# Estate Agents



## dash567 (Nov 5, 2008)

Hello Forum,

I'd like to find out if you all have got details of good and trustworthy agents (with whom you've ideally had dealings) for Marina/JBR properties (flats) to recommend?

Please feel free to PM in the event that recommending constitutes a breach of the terms of the forum - although logically this is just the kind of info which would be very useful to lot of us struggling to find a home not to mention prevent repetition of mistakes & errors 

Many thanks to all in advance.

Cheers,


----------



## Elphaba (Jan 24, 2008)

Recommendations are allowed & always have been. What is not allowed is people who post simply to promote their own businesses.
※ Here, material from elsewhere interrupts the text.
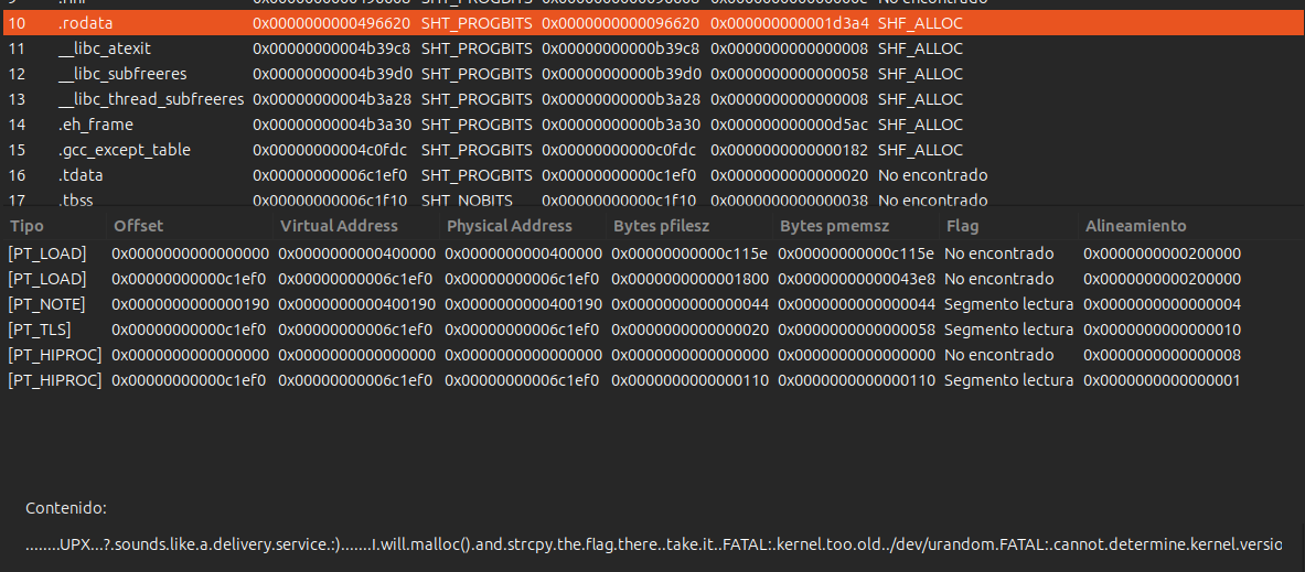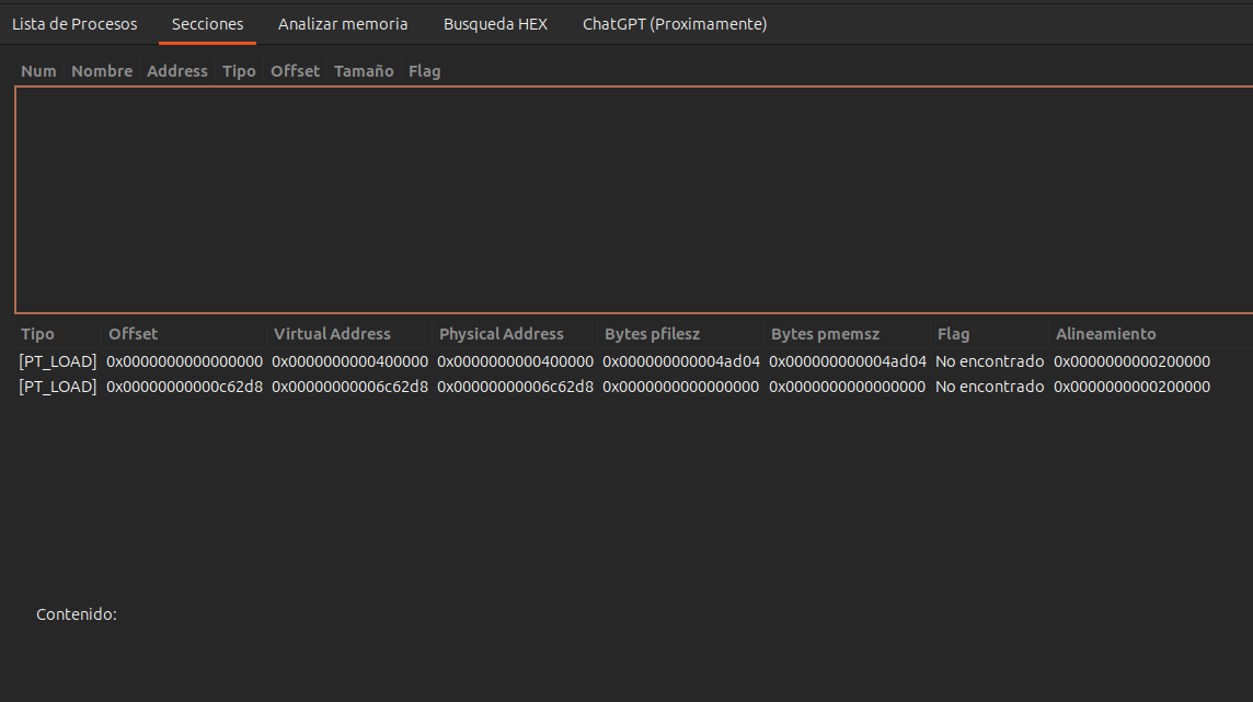 Pareciera que todo bien, sin embargo... no muestra nada en las secciones, vamos a revisarlo mediante hexadecimales.

A lovely letting agent for you: Lianne at Parkvale. A clasy British woman who has been here for years and is totally honest.

050 940 0864

[email protected]


----------



## dash567 (Nov 5, 2008)

Elphaba said:


> Recommendations are allowed & always have been. What is not allowed is people who post simply to promote their own businesses.
> 
> A lovely letting agent for you: Lianne at Parkvale. A clasy British woman who has been here for years and is totally honest.
> 
> ...


Thanks very much Elphaba (as always - Will definitely use! Also, I do hope the members will continue to populate this thread so that we get a good list of trusted individuals to help alleviate some of the pain associated with navigating past the (sometimes vicious & mostly carnivorous) hordes of agents operating here


----------



## dallan (Oct 24, 2008)

dash567 said:


> Thanks very much Elphaba (as always - Will definitely use! Also, I do hope the members will continue to populate this thread so that we get a good list of trusted individuals to help alleviate some of the pain associated with navigating past the (sometimes vicious & mostly carnivorous) hordes of agents operating here


Marc that posts in the forum is an estate agent and from the UK he is very helpful you should send him a PM and see if he can help.

Debbie


----------



## Glasceb (Jul 15, 2008)

I used Exclusive Real Estate when I rented my place back in November and would recommend them. They are UK owned and also factor the property and take care of any maintenance. Tel No. is 04 323 7343


----------



## dash567 (Nov 5, 2008)

Brilliant - Thanks! 



Glasceb said:


> I used Exclusive Real Estate when I rented my place back in November and would recommend them. They are UK owned and also factor the property and take care of any maintenance. Tel No. is 04 323 7343


----------